> **Directions**: Omit the pictures found among the records and print everything else exactly as it stands.

=== Section Start ===

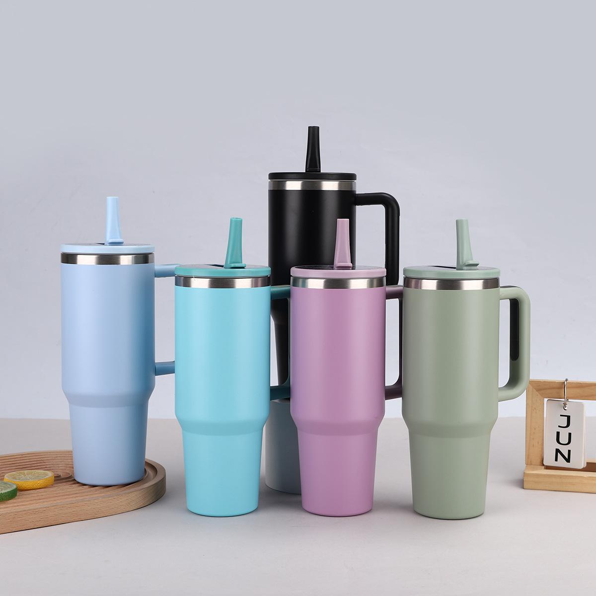 Taza para coche Amazon de cuarta generación de 40 oz, taza termo de doble vacío con asa, gran capacidad, portátil, con pajita, para hielo
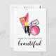 "Danke, dass du mich schön gemacht hast" mit handgemalten Aquarellbildern bedankt dich auf der Postcard. Entworfen und illustriert mit Liebe von Kristine Lee Designs.
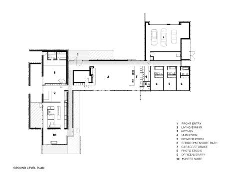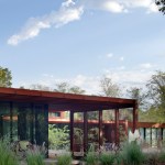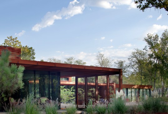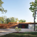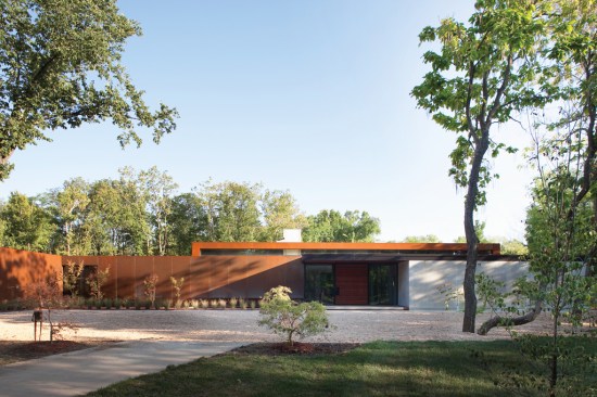 Aptly named, Heavy Metal is a steel-clad private residence sited on eight acres of heavily wooded terrain. The client owns a steel manufacturing facility, and he wished to have his home reflect both his family business and his personal artistic background. These desires became a critical component for the layout of the home. The residence was designed to be a single-level, gallery-like space in which the client could move easily—from home, to office, to studio—with strong connections to nature from each space.The perforation system was designed to accommodate sun shading, transparency, and privacy needs. The strategic layering of glass and perforated steel shades the interior of the home and provides views of landscape around it.
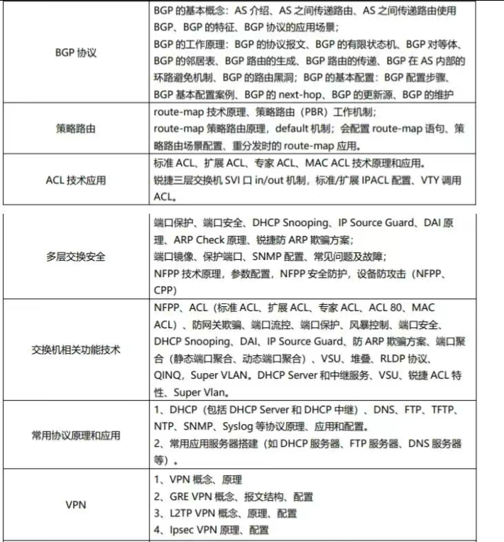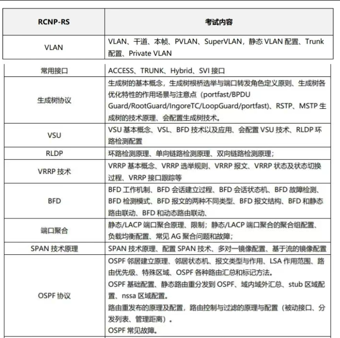 试题范围为锐捷 RCNA-RS(占比 30%)、RCNP-RS(占比 40%)、RCNA-Security (占比 10%)、RCNA-WLAN(占比 10%)、RCNP-WLAN(占比 10%)的知识点。
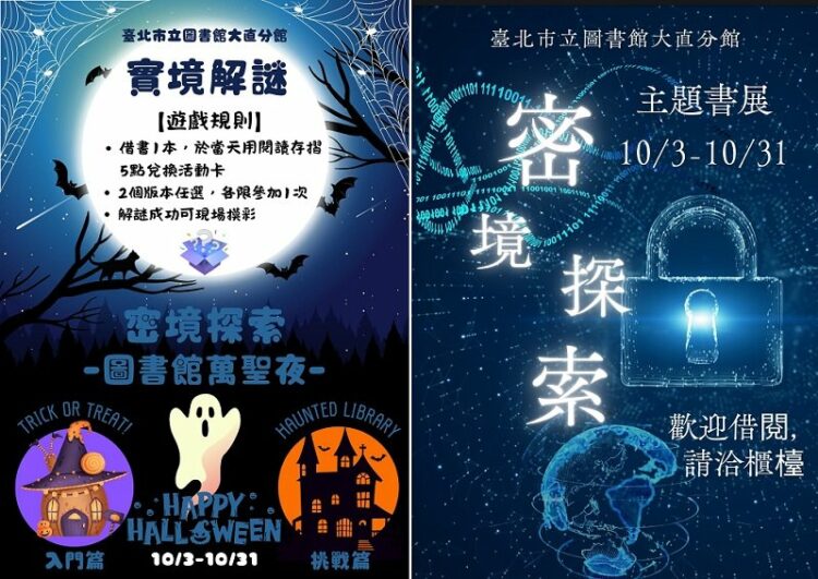 今年十月,臺北市立圖書館大直分館將化身神秘的知識迷宮,邀請讀者一同展開「密境探索—圖書館萬聖夜」活動。活動結合主題書展與實境解謎,以「密碼學」與「解謎」為核心,打造一場兼具學習與趣味的萬聖節體驗。
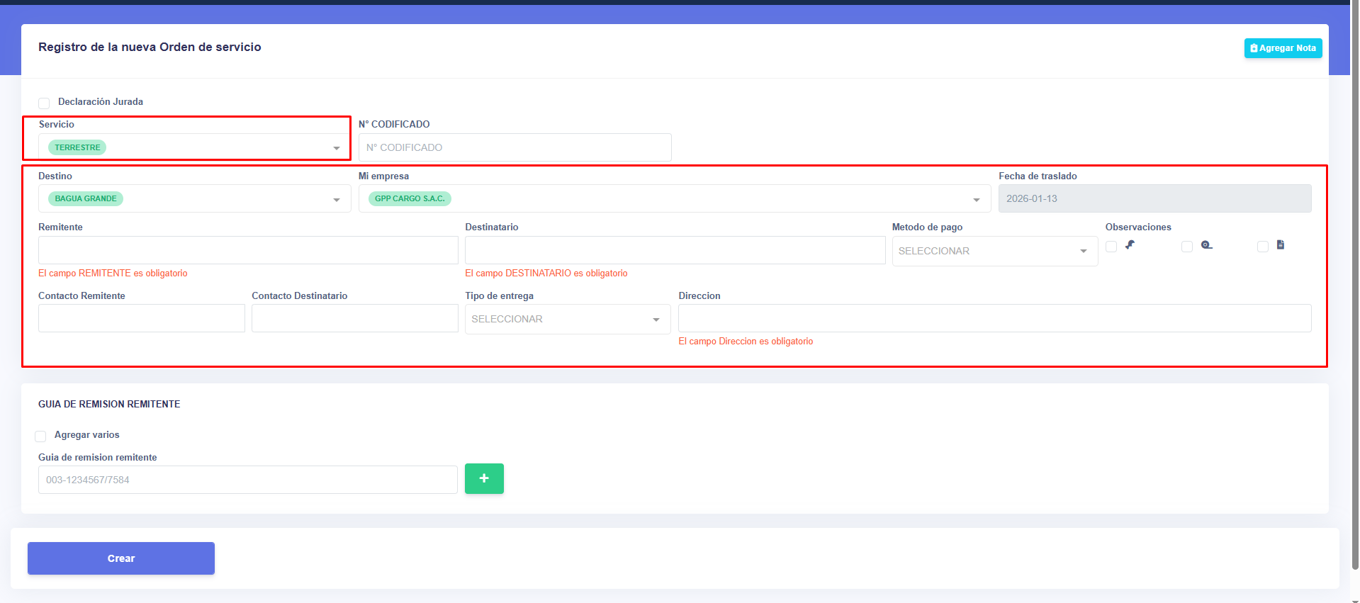 ORDEN DE SERVICIO: En este apartado podremos generar guias, tanto por servicio TERRESTRE o AEREO.
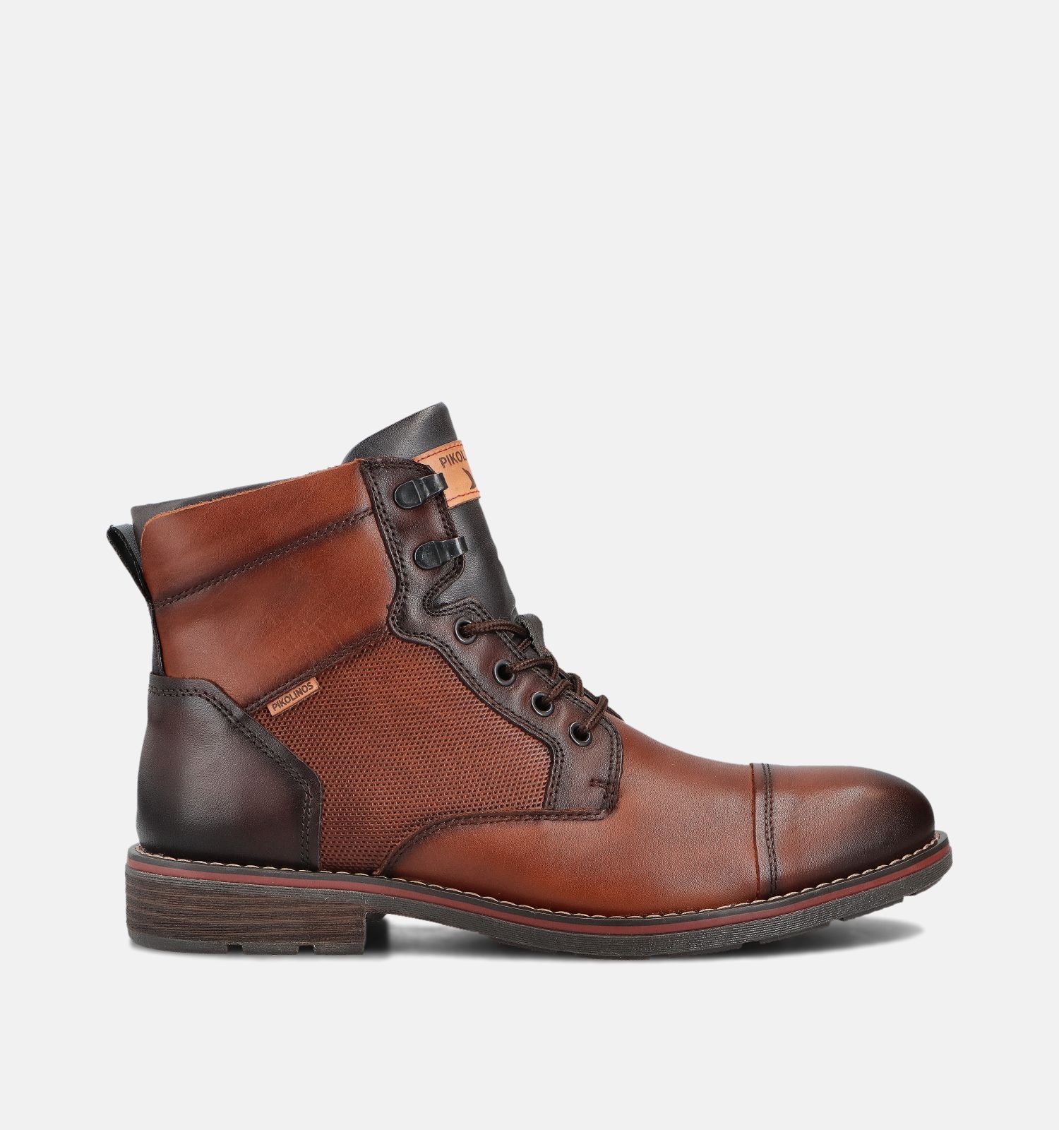 Deze veterlaars van Pikolinos is vervaardigd uit leer en binnenin afgewerkt in stof.
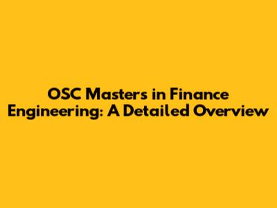 OSC Masters In Finance Engineering: A Detailed Overview
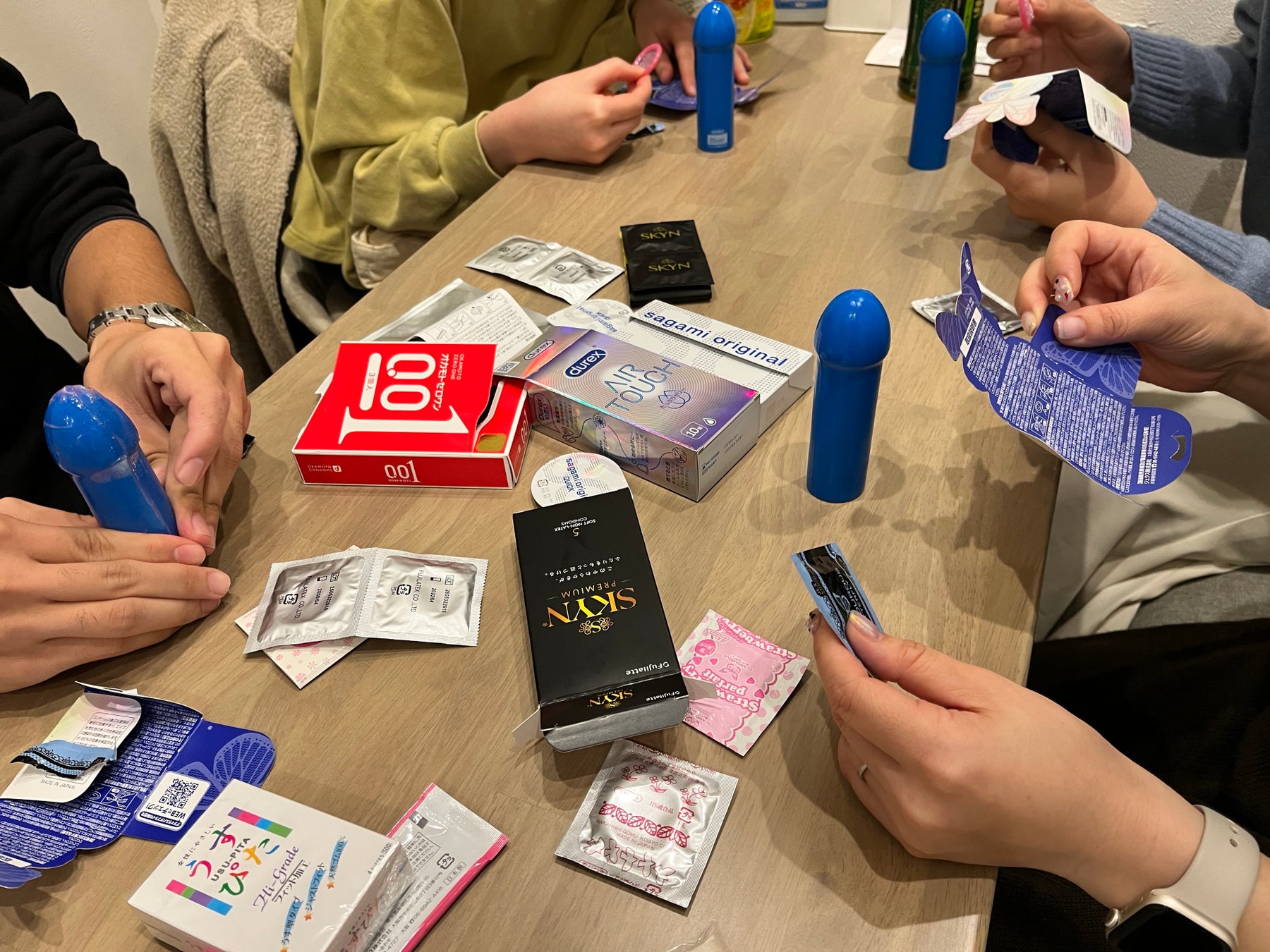 当日は、お茶を飲みながらリラックスした雰囲気で、学生それぞれの背景を交えながら日常では話題にしづらい性や避妊、ジェンダーについて話し合いました。また、コンドームの種類や購入時のポイントを学びながら、模型に装着するコンドームワークも実施しました。
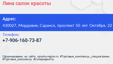 Лина, салон красоты по адресу 430027, Мордовия, Саранск, проспект 50 лет Октября, 22 в дальнейшем Организация, размещена в следующих категориях:
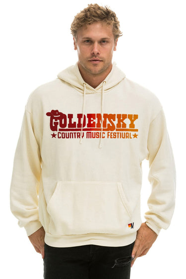 All of our products go through an intense breaking-down process that gives them a vintage feel you'll love because it's broken in from day one of wearing it. You're going to live in this hoodie. Available exclusively at Golden Sky Festival 2024.
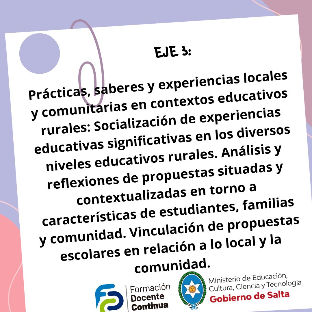 Eje 3: Prácticas, saberes y experiencias locales y comunitarias en contextos educativos rurales.
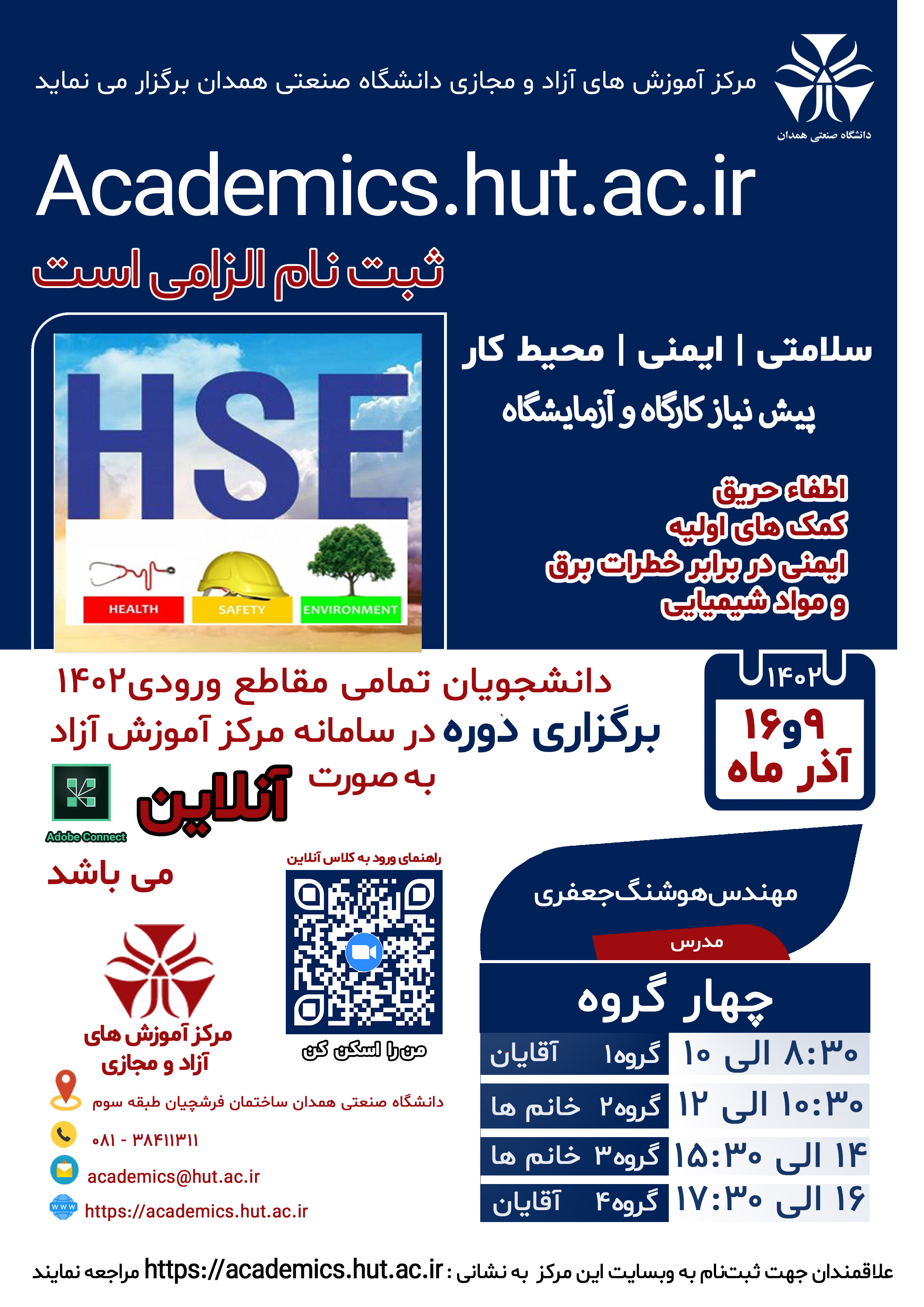 "به اطلاع دانشجویان گرامی میرساند دوره آموزشی HSE، روزهای 5 شنبه در تاریخهای 9و 16 آذر ماه به صورت مجازی از طریق سامانه مرکز آموزش آزاد و مجازی به آدرس https://academics.hut.ac.ir/ برگزار خواهد شد. این دوره در 4 گروه ارائه و پیشنیاز دروس آزمایشگاهی و کارگاهی می باشد. مهلت ثبت نام تا پایان وقت اداری روز چهارشنبه مورخ 8 آذر میباشد. برای کسب اطلاعات بیشتر به سامانه فوق مراجعه نمائید.

=== Section End ===

> **Reply to the exercise**:
 Taza para coche Amazon de cuarta generación de 40 oz, taza termo de doble vacío con asa, gran capacidad, portátil, con pajita, para hielo
 "Danke, dass du mich schön gemacht hast" mit handgemalten Aquarellbildern bedankt dich auf der Postcard. Entworfen und illustriert mit Liebe von Kristine Lee Designs.
 Aptly named, Heavy Metal is a steel-clad private residence sited on eight acres of heavily wooded terrain. The client owns a steel manufacturing facility, and he wished to have his home reflect both his family business and his personal artistic background. These desires became a critical component for the layout of the home. The residence was designed to be a single-level, gallery-like space in which the client could move easily—from home, to office, to studio—with strong connections to nature from each space.The perforation system was designed to accommodate sun shading, transparency, and privacy needs. The strategic layering of glass and perforated steel shades the interior of the home and provides views of landscape around it.
 试题范围为锐捷 RCNA-RS(占比 30%)、RCNP-RS(占比 40%)、RCNA-Security (占比 10%)、RCNA-WLAN(占比 10%)、RCNP-WLAN(占比 10%)的知识点。
 今年十月,臺北市立圖書館大直分館將化身神秘的知識迷宮,邀請讀者一同展開「密境探索—圖書館萬聖夜」活動。活動結合主題書展與實境解謎,以「密碼學」與「解謎」為核心,打造一場兼具學習與趣味的萬聖節體驗。
 ORDEN DE SERVICIO: En este apartado podremos generar guias, tanto por servicio TERRESTRE o AEREO.
 Deze veterlaars van Pikolinos is vervaardigd uit leer en binnenin afgewerkt in stof.
 OSC Masters In Finance Engineering: A Detailed Overview
 当日は、お茶を飲みながらリラックスした雰囲気で、学生それぞれの背景を交えながら日常では話題にしづらい性や避妊、ジェンダーについて話し合いました。また、コンドームの種類や購入時のポイントを学びながら、模型に装着するコンドームワークも実施しました。
 Лина, салон красоты по адресу 430027, Мордовия, Саранск, проспект 50 лет Октября, 22 в дальнейшем Организация, размещена в следующих категориях:
 All of our products go through an intense breaking-down process that gives them a vintage feel you'll love because it's broken in from day one of wearing it. You're going to live in this hoodie. Available exclusively at Golden Sky Festival 2024.
 Eje 3: Prácticas, saberes y experiencias locales y comunitarias en contextos educativos rurales.
 "به اطلاع دانشجویان گرامی میرساند دوره آموزشی HSE، روزهای 5 شنبه در تاریخهای 9و 16 آذر ماه به صورت مجازی از طریق سامانه مرکز آموزش آزاد و مجازی به آدرس https://academics.hut.ac.ir/ برگزار خواهد شد. این دوره در 4 گروه ارائه و پیشنیاز دروس آزمایشگاهی و کارگاهی می باشد. مهلت ثبت نام تا پایان وقت اداری روز چهارشنبه مورخ 8 آذر میباشد. برای کسب اطلاعات بیشتر به سامانه فوق مراجعه نمائید.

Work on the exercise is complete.